Belinda Boa, head of active investments for Asia-Pacific and chief investment officer for emerging markets at BlackRock, said the world’s biggest asset manager is being “far more cautious” as it looks ahead to next year and believes geopolitical risks, including the trade war, will be the “key driver” for the economy and markets in Asia next year.
“Trade policy is and has been increasingly unpredictable and we’ve seen a surge in trade protectionism,” Boa said. “This deviates from decades of globalisation and of free trade. We’re moving in a very different direction.”
Of more than a dozen market strategists interviewed for this story, a majority remained positive about equities generally, including Chinese stocks, in 2020, given the low interest-rate environment and an expected recovery in corporate earnings next year. They warned, however, that returns could be “modest” or “moderate”, saying the trade war and the US elections were among the biggest risks to markets next year.
“When we think about how we live our lives, whether it’s how we educate our children, whether it’s how we travel, whether it’s how we do business, this is a move away from globalisation and we don't think that it’s going to stop,” Boa said.
She said BlackRock expects more “modest” returns for investors next year as the macroeconomic environment further weakens. Recession risks could also rise later in the year as the US-China relationship and the American elections in 2020 create further uncertainty, according to BlackRock.
Since July of last year, the US has placed tariffs on hundreds of billions of dollars of Chinese goods as President Trump tries to force Beijing to change decades of industrial and trade policies. It is one of the few areas that attracts bipartisan support in an increasingly polarised political environment in Washington.
President Trump announced a “substantial phase-one deal” between the countries in October, but no agreement has been signed as sticking points remain over whether the US will rescind tariffs on Chinese goods, as well as purchases of American agricultural goods by China.
Top negotiators from both countries spoke by phone this week to discuss their core concerns and try to keep communications open. President Trump also told reporters earlier this week the sides were in the “final throes” of negotiating a deal, sparking optimism among investors.
But, Hong Kong has become a potential flash point in the discussions after President Trump signed into law on Thursday legislation that could make the government subject to diplomatic action and economic sanctions, brushing off warnings from Beijing about interfering in its affairs. If no agreement is reached, further tariffs are set to go into place on December 15.

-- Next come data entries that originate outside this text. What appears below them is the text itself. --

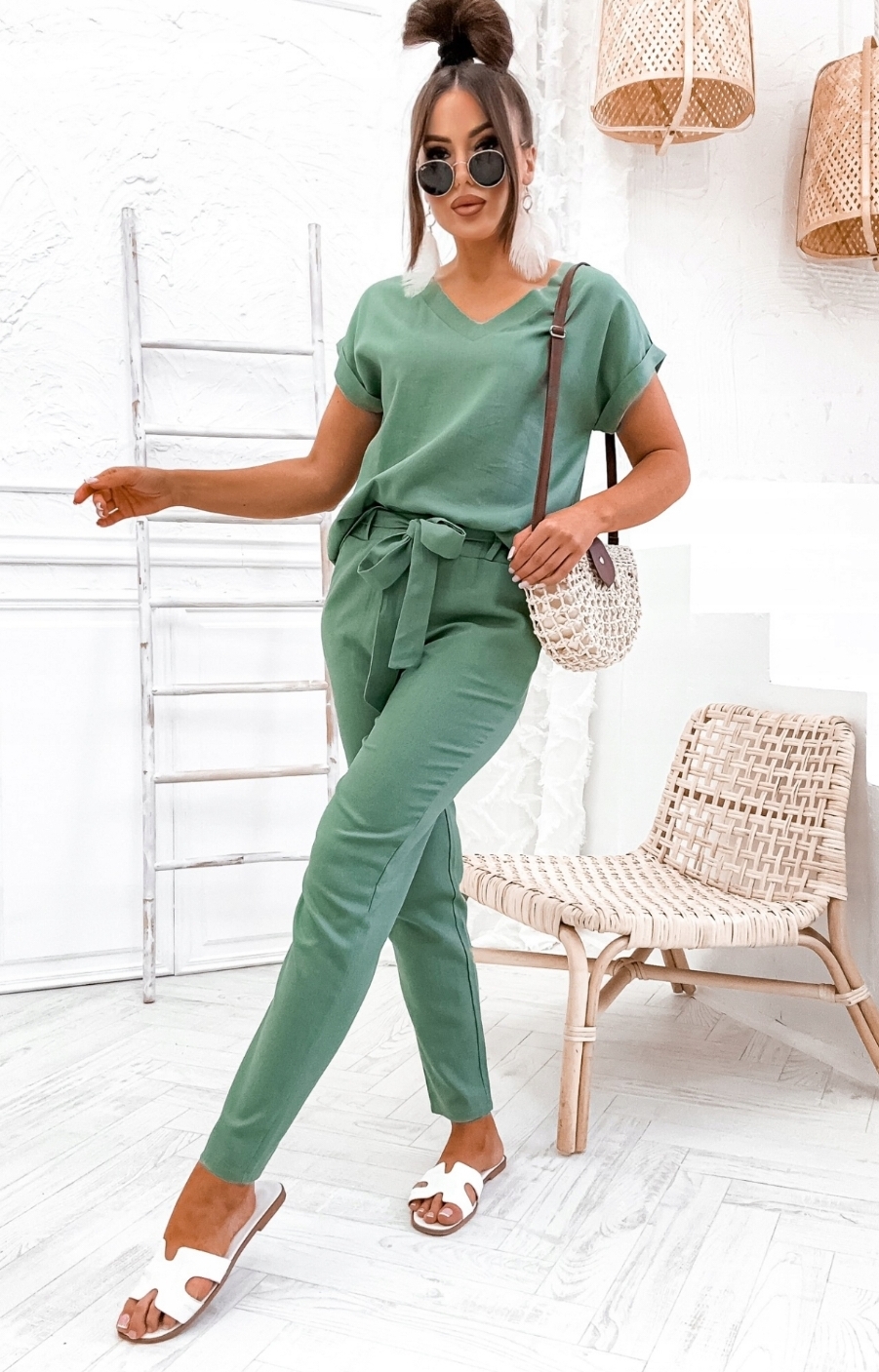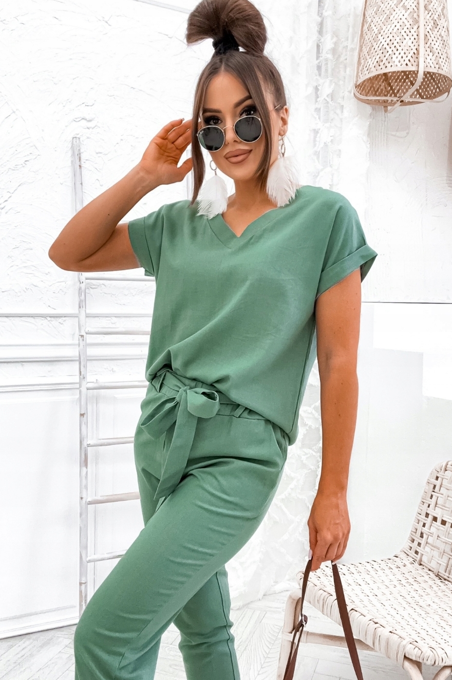 Komplet składa się z bluzki w serek i spodni. Bluzka posiada delikatne mankiety przy rękawach, spodnie z wysokim stanem, w pasie guma z ozdobnym marszczeniem oraz szlufki do załączonego paska, w zestawie długi lniany pasek który można zawiązać w dowolny sposób.
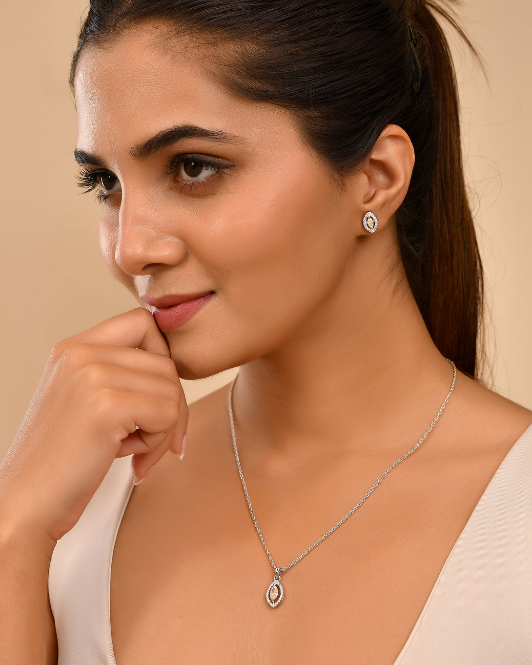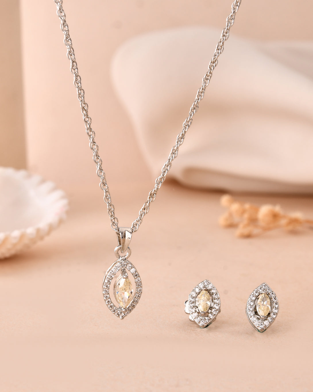 sparkling zircon halos. Crafted in 925 Sterling Silver with rhodium plating, this matching necklace and earrings
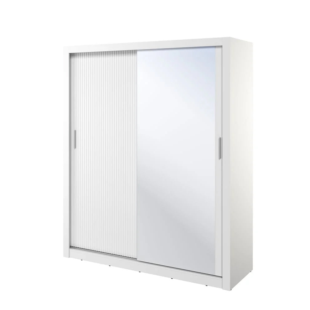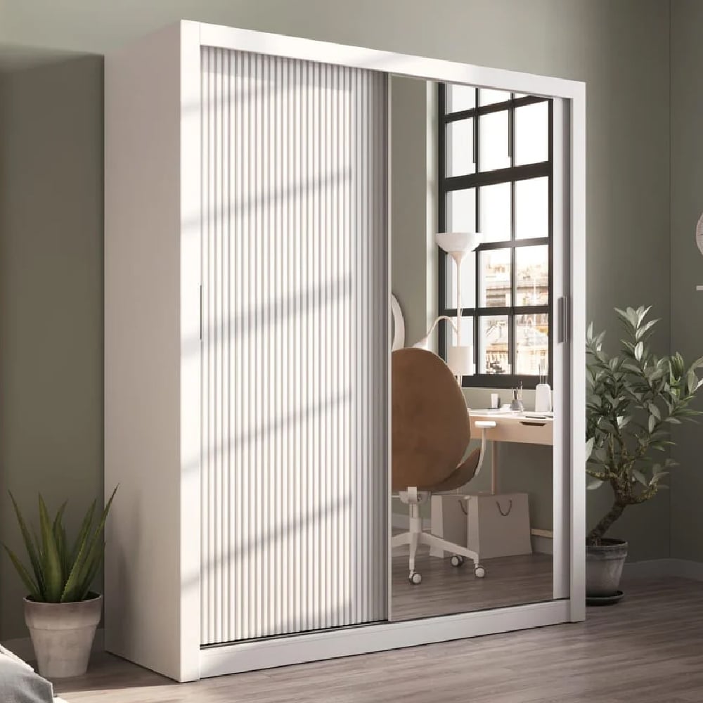 Bring light and modern elegance to your bedroom with the CHOICEWARDROBE Allen 160cm 2 Door Sliding Mirrored Wardrobe in a pristine White Gloss Finish. This beautifully balanced piece combines smooth mirrored panels with subtle ribbed detailing, creating a timeless centrepiece that complements both minimalist and luxury interiors.
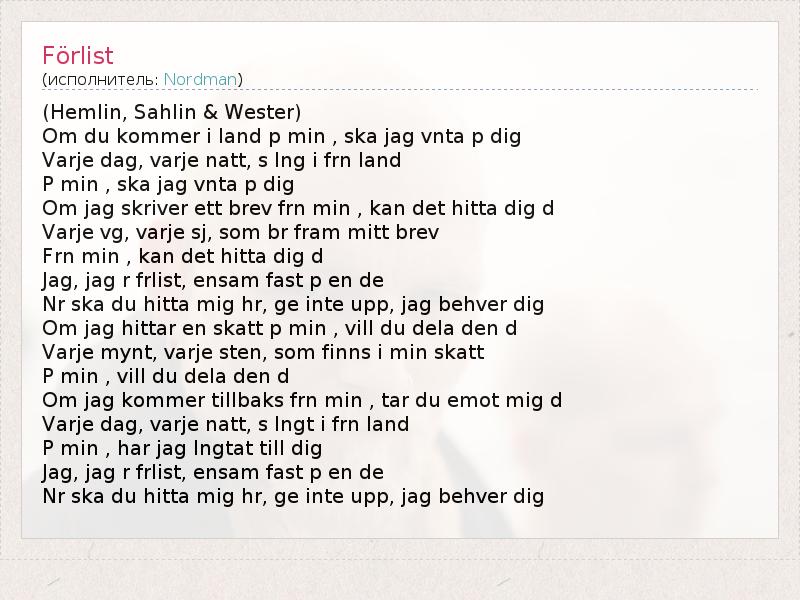 Это интересно:Nordman шведская группа, основанная в 1993 году. Стиль смешивает в себе народную, рок и поп музыку. Этот жанр называется etnorock или folkrock на шведском языке.Группу составляют Håkan Hemlin, как певец и лидер группы, и Mats Wester, который играет на никельхарпе.Хитами группы были Förlist ("Кораблекрушение") и Vandraren ("Странник"). Группа распалась в 1998 из-за... продолжение
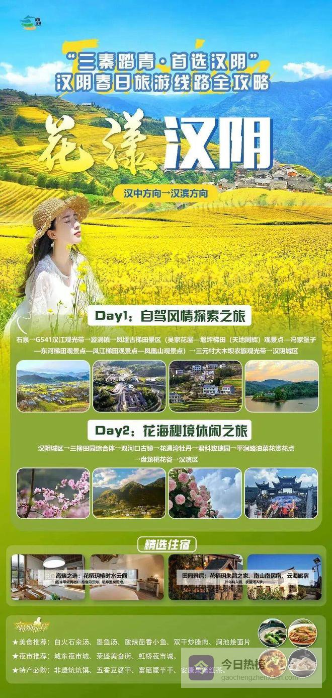 活动内容:积极对接西安、安康等地旅行社、自驾俱乐部、房车俱乐部,开展“千车万人”自驾及“逛吃逛吃”专列游汉阴体验活动,让广大游客近距离体验汉阴金色花海及美食文化魅力,以旅促消,带动经济发展。
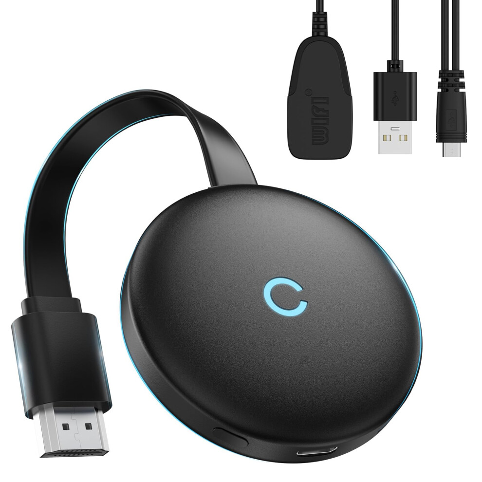 WiFi Display Dongle / Miracast Airplay DLNA Display Receiver Dongle Wireless Mirroring Screen Device with 2 in 1 USB Cable (Black)
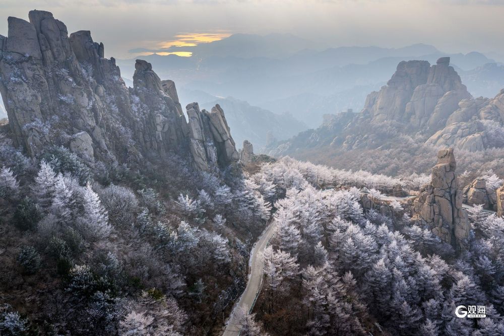 当雾凇裹住崂山的枝桠,整座山便成了时光滤过的宣纸——
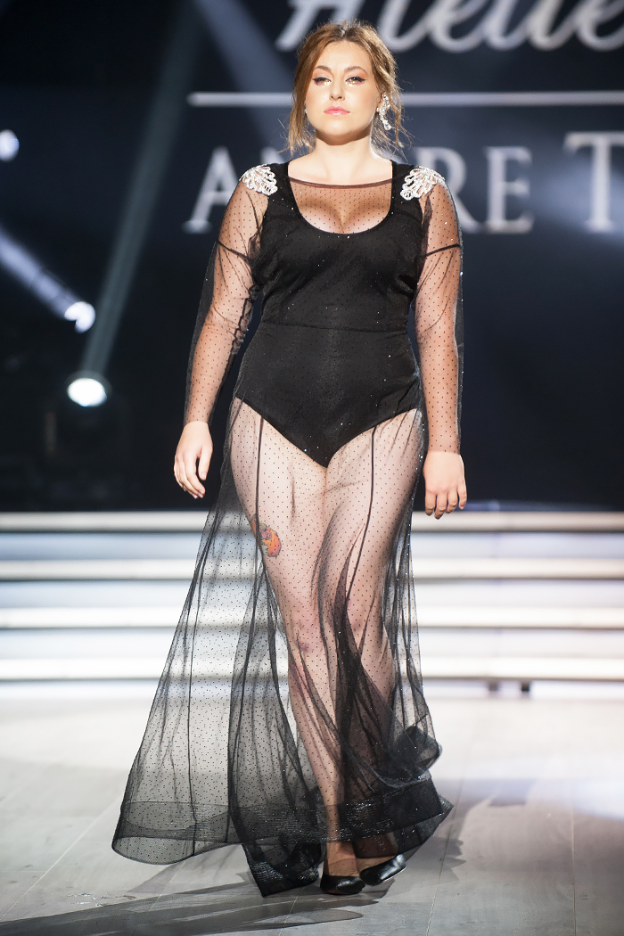 На подиуме красовались девушки с размером одежды XL и демонстрировали потрясающие одеяния, в которых выглядели очень сексуально. Андре Тан наглядно всем показал, что в правильные наряды подчеркивают все достоинства моделей XL.
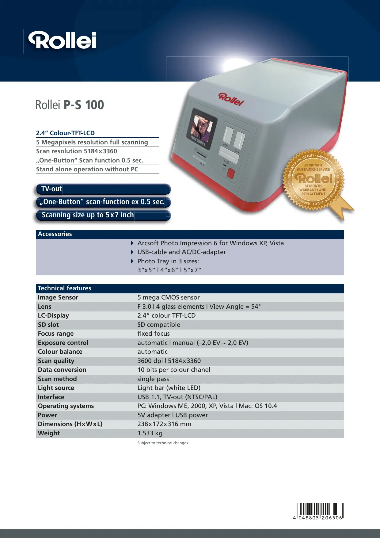 P-S 100 - ROLLEI - Notice d'utilisation et mode d'emploi gratuit
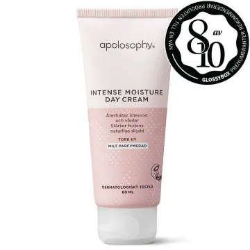 Apolosophy Intense Moisture Day Cream är en rik och djupverkande dagkräm anpassad för torr hy. Innehåller bland annat karbamid och mjölksyra som vårdar, återfuktar på djupet och bevarar den naturliga fuktbalansen hela dagen. Karbamid är ett naturligt fuktbindande ämne som finns i överhuden, även kallad epidermis. Det unika med karbamid är att det har visat sig i medicinska studier att den inte bara återfuktar utan även förbättrar hudens barriärfunktion. Tack vare dessa ämnen, som förekommer naturligt i huden, kan hudens naturliga skydd stärkas. Ansiktskrämen innehåller väl utvalda fuktgivare och lipider av högsta kvalitet, dermatologiskt testad på personer med känslig hy. Passar alla hudtyper. Milt parfymerad. Vegan. 60 ml.
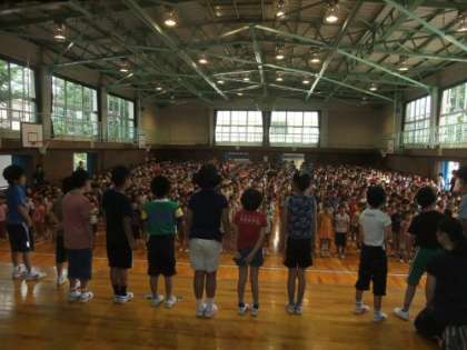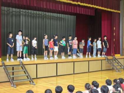 6組の子どもたちの元気な声が体育館の中に響き渡りました。
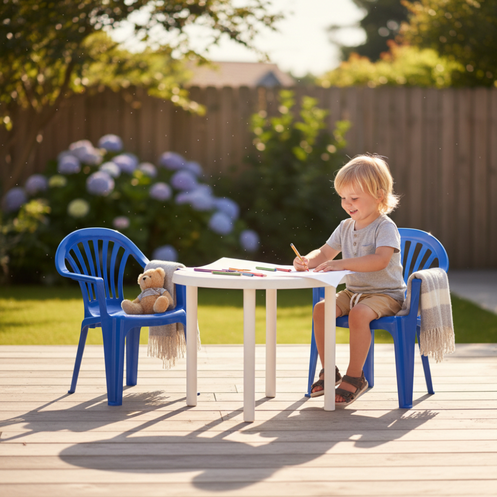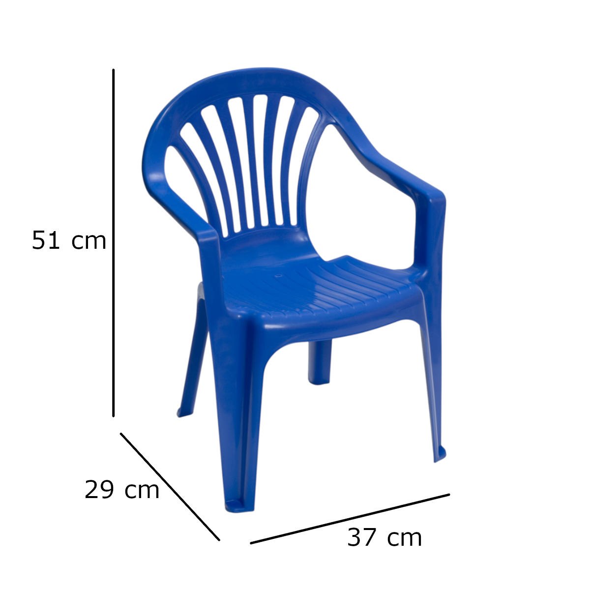 A kartámaszos forma kényelmes ülést biztosít játék, pihenés vagy rajzolás közben. Műanyag anyagának köszönhetően egyszerűen mozgatható, így a gyerekek is könnyen használhatják önállóan. A kék szín vidám megjelenést ad, amely jól illeszkedik kerti és teraszos környezetbe. A felület könnyen tisztítható, ami a mindennapi használat során praktikus előnyt jelent.
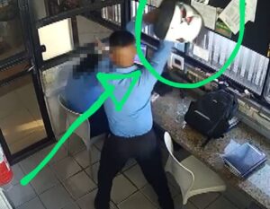 No vídeo, é possível ver o momento em que ele pega o capacete sobre a mesa e desfere o golpe, enquanto a mulher tenta se proteger com as mãos. Após a agressão, o homem recolhe seus pertences e, antes de sair da portaria, ainda desfere um tapa na vítima.
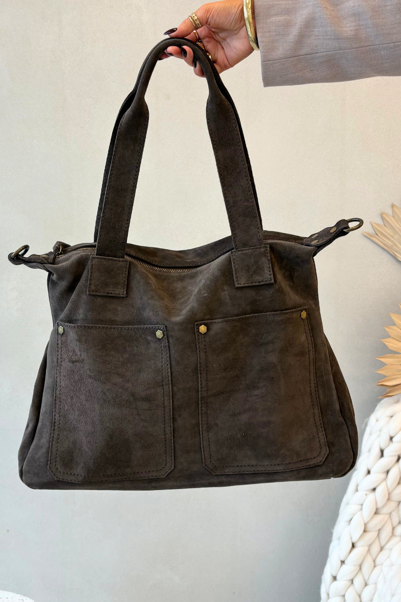 Pojemna torebka damska wykonana z naturalnego zamszu. Model zapinany na zamek zapewnia bezpieczeństwo przechowywanych rzeczy, a liczne kieszenie ułatwiają organizację i porządek wewnątrz. Torebka posiada wygodne uchwyty oraz odpinany, regulowany pasek, dzięki czemu można nosić ją w dłoni lub na ramieniu – w zależności od potrzeb. To stylowy i praktyczny dodatek, który świetnie sprawdzi się zarówno w pracy, jak i na co dzień.
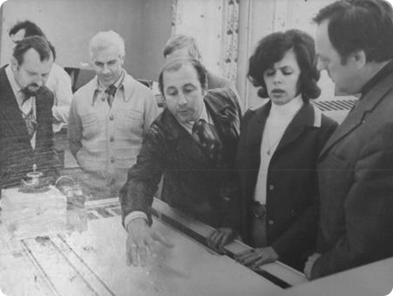 Руководитель НИЛ ММОП А. И. Половинкин и начальник ВЦ Ю. Ц. Файтельсон демонстрируют профессорам из ГДР результаты своего творчества
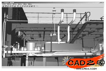 4、管系設(shè)計系統(tǒng)。該系統(tǒng)是以船舶管系設(shè)計以及其他行業(yè)的管路設(shè)計為對象進行開發(fā)的,提供交互管系布置界面,建立三維管系模型(見圖2),具有很強的實用性。
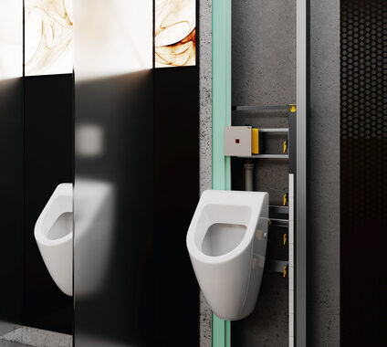 Systém skrytého spouštění splachování je k dispozici jako vybavovací sada k podomítkovým pisoárovým prvkům Viega Prevista Dry.
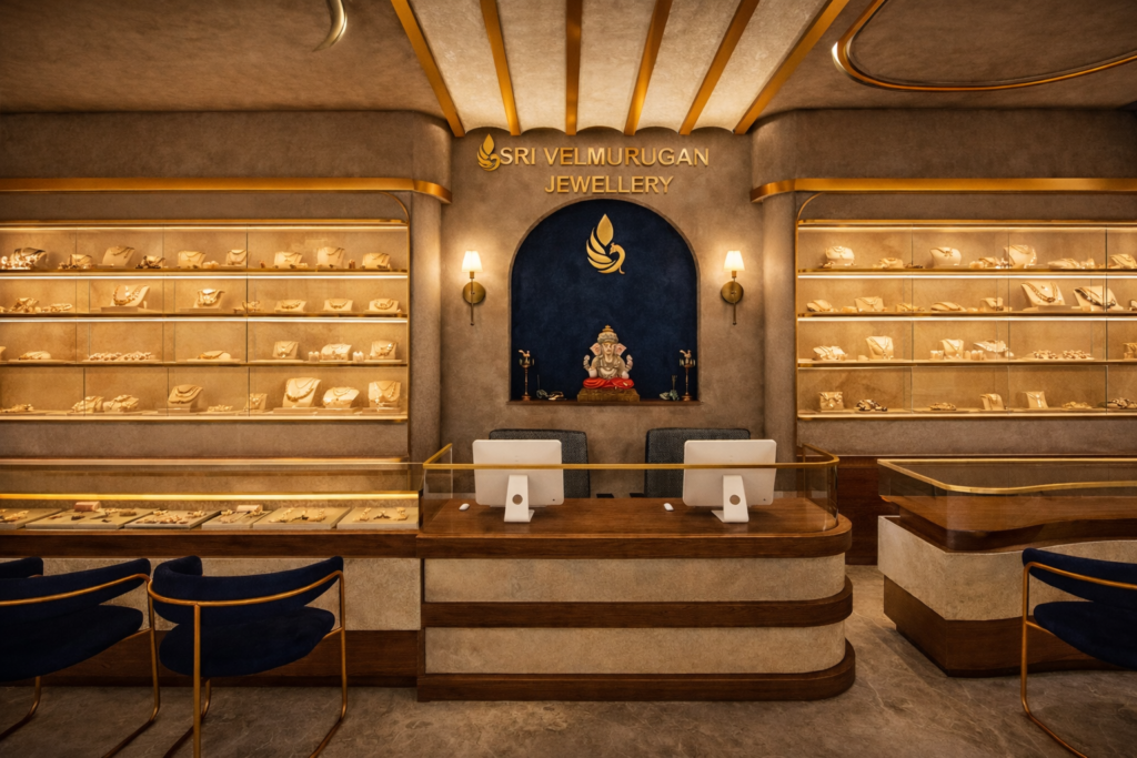 When Sri Velmurugan Jewellery approached us at Good In Architects & Interiors, the brief was clear yet powerful: create a premium showroom that reflects tradition, confidence, and timeless luxury — while being functional, secure, and welcoming for customers in Komarapalayam
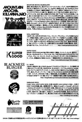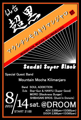 仙台で活躍中のFUNKDJ&BANDに加え記念すべき第一回目のスペシャルGUESTは日本が誇るFUNKBAND「Mountain Mocha Kilimanjaro」の登場 。
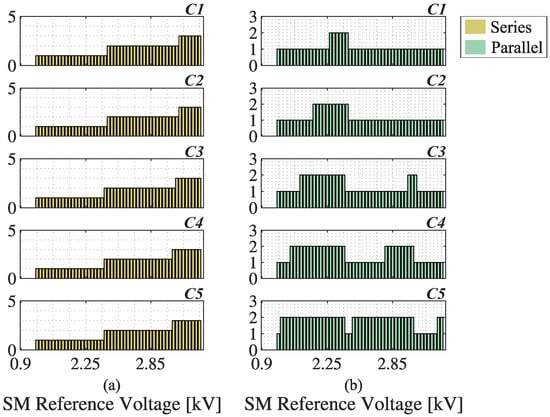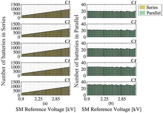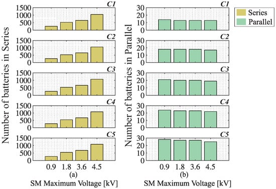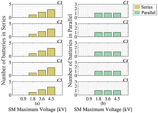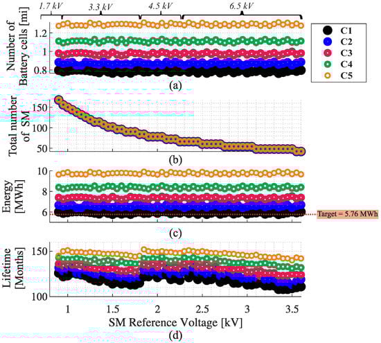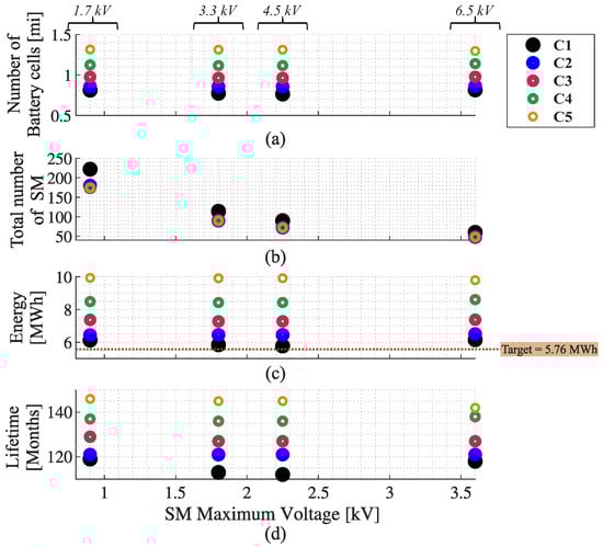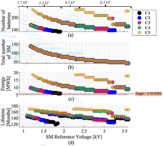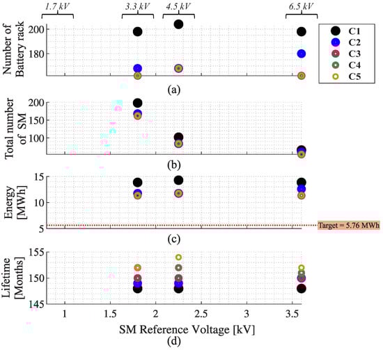 Figure 17a shows the number of battery cells for each SM reference voltage value and for each IGBT-blocking voltage. Cases with a longer SOC range need fewer battery cells to achieve the power requirement. In addition, the distance between the number of batteries between C3, C4, and C5 is justified by the rounding for that value range.
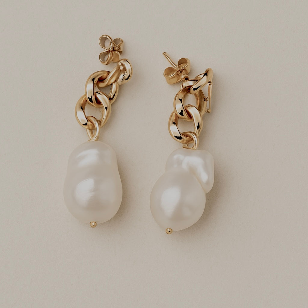 Veronica is a statement in herself comprising of 18k gold plated chain link stud, featuring large freshwater baroque pearl drop. She packs a punch! Approx drop of this piece is 4.5cm.

The dispute between the world’s two biggest economies has weighed on business investment and global commerce, with trade contracting by 1.3 per cent in September, the latest data available, according to the CPB Netherlands Bureau for Economic Policy Analysis.
Pascal Blanque, group chief investment officer at asset manager Amundi, said the decline in trade is causing a “major change” in the structure of growth globally, but does not point to a “full-blown” recession next year, particularly as the US and China appear to be moving closer to a partial trade deal.
“Monetary and fiscal policy combination, a prominent theme going forward, may extend the current cycle further,” Blanque said. “While the noise on trade-related issues will be high, a material escalation is unlikely given the upcoming US elections in 2020. However, the path for investors will not be linear.
“In the short term, market expectations for policy actions have gone too far and need to be adjusted. The adjustment process will drive volatility in bonds, with a bottoming out of core bond yields having already started, and re-rating in some expensive defensive sectors in equity.”
Timothy Moe, chief Asia-Pacific regional equity strategist at Goldman Sachs, said optimism in the market had been growing that a partial phase-one deal can be reached, rising from a 10 per cent to a 15 per cent chance in the summer and then climbing further, to a 70 per cent chance recently.
“The point here is that the market has already reflected optimism about a deal and, therefore relative to the actual news flow, the way the market is likely to respond to that news flow is arguably negatively skewed,” Moe said. “In other words, if we have good news, the market probably is flat to up somewhat. If we have bad news, there’s a lot of price gains to give back.”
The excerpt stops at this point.